English is spoken by less than 20% of the world’s population, but some experts estimate that it accounts for over 90% of the training data used to build large language models. The result is AI models that perform worse in the roughly 7,000 non-English languages spoken around the world, reinforce the cultural norms and values espoused in the English-language data, and create hard-to-detect harm.
As a senior research scientist at Google Research, Sunipa Dev, 32, is trying to change that with more inclusive, multilingual, and multicultural datasets to train and evaluate AI.
Starting in 2023, Dev and her colleagues published a multilingual and multi-regional dataset of stereotypes, a pair of papers called SeeGULL, which made up the largest dataset of its kind at the time. Using a combined methodology of synthetic and community-contributed data, they include examples from 178 English-speaking countries, as well as 20 non-English languages in 23 regions.

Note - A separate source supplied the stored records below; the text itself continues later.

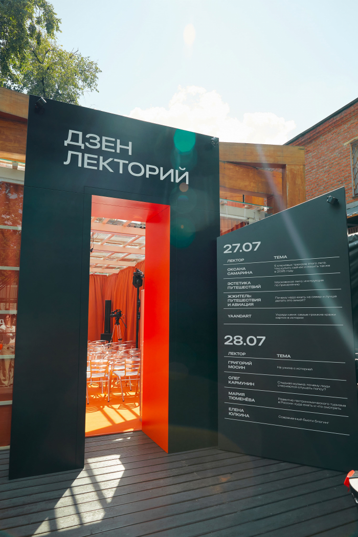 Каждый день на территории фестиваля работал «Дзен Лекторий». Известные спикеры и гости обсудили актуальные темы: путешествия, еду, моду и многое другое. В перерывах между лекциями гости отдыхали в уютной лаундж-зоне. В коллаборации с Surf Coffee® «Дзен» построили кофейню-теплицу, в которой посетители, выбирая позицию из меню и выполняя несложное задание, получали бесплатный напиток. Помимо этого, в бренд-зоне была установлена фотозона, коллаборация с фондом «Антон Тут Рядом». Гости фестиваля могли помочь детям и взрослым с аутизмом — для этого нужно было купить коробку фирменных цветных мелков от благотворительного фонда и платформы. Вырученные средства от продаж были направлены в фонд. Кроме того, нарисовав мелками звезду «Дзена» на фотозоне, сфотографировав и выложив в социальную сеть с отметками «Дзена» и фонда «Антон тут рядом», можно было принять участие в розыгрыше лимитированного мерч!
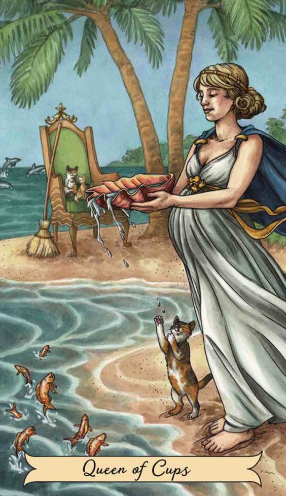 Otra reina. La Reina de Copas habla sin duda de felicidad en el amor y en el hogar. Si tu pregunta es sobre un futuro embarazo, entonces la Reina de Copas es la respuesta más positiva.
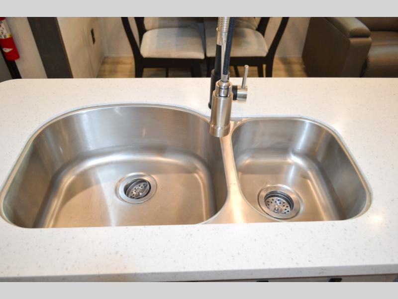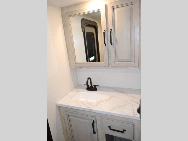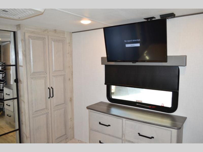 With any Keystone luxury full-profile Alpine Avalanche Edition fifth wheel, you will experience wide-body construction that allows you to stretch out and stay awhile during any season thanks to the Polar Pack All Season Protection that includes a heated and enclosed underbelly, an Astro foil reflective layer on the roof, front and rear walls, and two static attic vents, plus more! The interior offers hardwood slide out fascia with wood accents, crown molding, plus your choice of modern interior design. There are many more Keystone exclusives, like the Tru-Fit slide construction, the in-floor heating ducts, KeyTV™, and much more to bring you a full-packed, luxury fifth wheel!
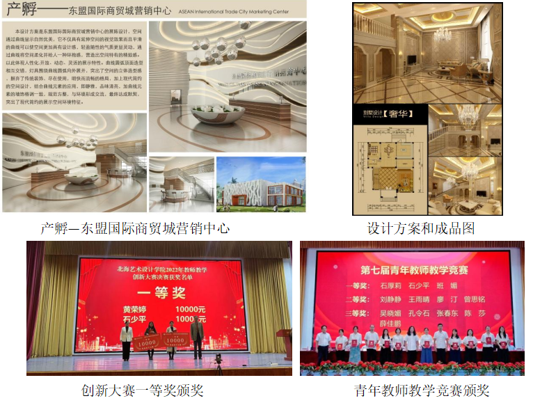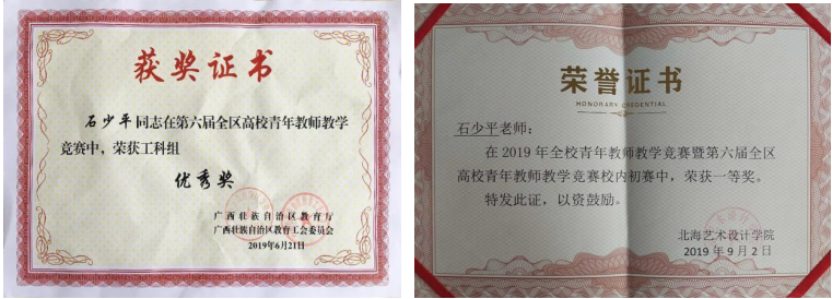 加强学习、紧跟学术前沿。在完成繁重的教科研工作之余,石少平老师积极参加各级赛事,提升个人教学水平,在2019年荣获广西壮族自治区优秀教师称号;2019年参加全区第六届青年教师教学竞赛并荣获校赛一等奖、区赛工科组优秀奖;2021年第二十届广西高校教育教学信息化大赛《展示模型制作》荣获优秀奖,校赛三等奖;2022年获广西第二届高校教师教学创新大赛校赛副高组二等奖并推送区赛;2022年获北海艺术设计学院第三届高校教师教学创新大赛校赛一等奖。

To ensure that generative AI’s outputs are relevant to local users, her team worked with individual data annotators around the world, including in the Middle East. In some underrepresented regions, including across India, Latin America, and sub-Saharan Africa, they partnered with local nonprofit organizations, UX designers, and others to include additional insights.
Google is already using SeeGULL datasets to evaluate how well its LLMs are able to avoid reproducing harmful stereotypes. It’s also publicly available for broader AI safety evaluations. Since SeeGULL is open-source, Dev and her peers hope it will ensure that the concerns of non-Western communities are included in AI safety testing.
Dev is looking to expand the reach of her mission by helping foster a community of like-minded AI practitioners. The ultimate hope, she says, is that, in the next five years, 90% of the speakers of the world’s major languages will be able to access coherent, relevant, safe, and ultimately beneficial AI; and that one day that number will get closer to reaching everyone. “Artificial intelligence has to be globally intelligent,” Dev says, “and not just intelligent in some contexts.”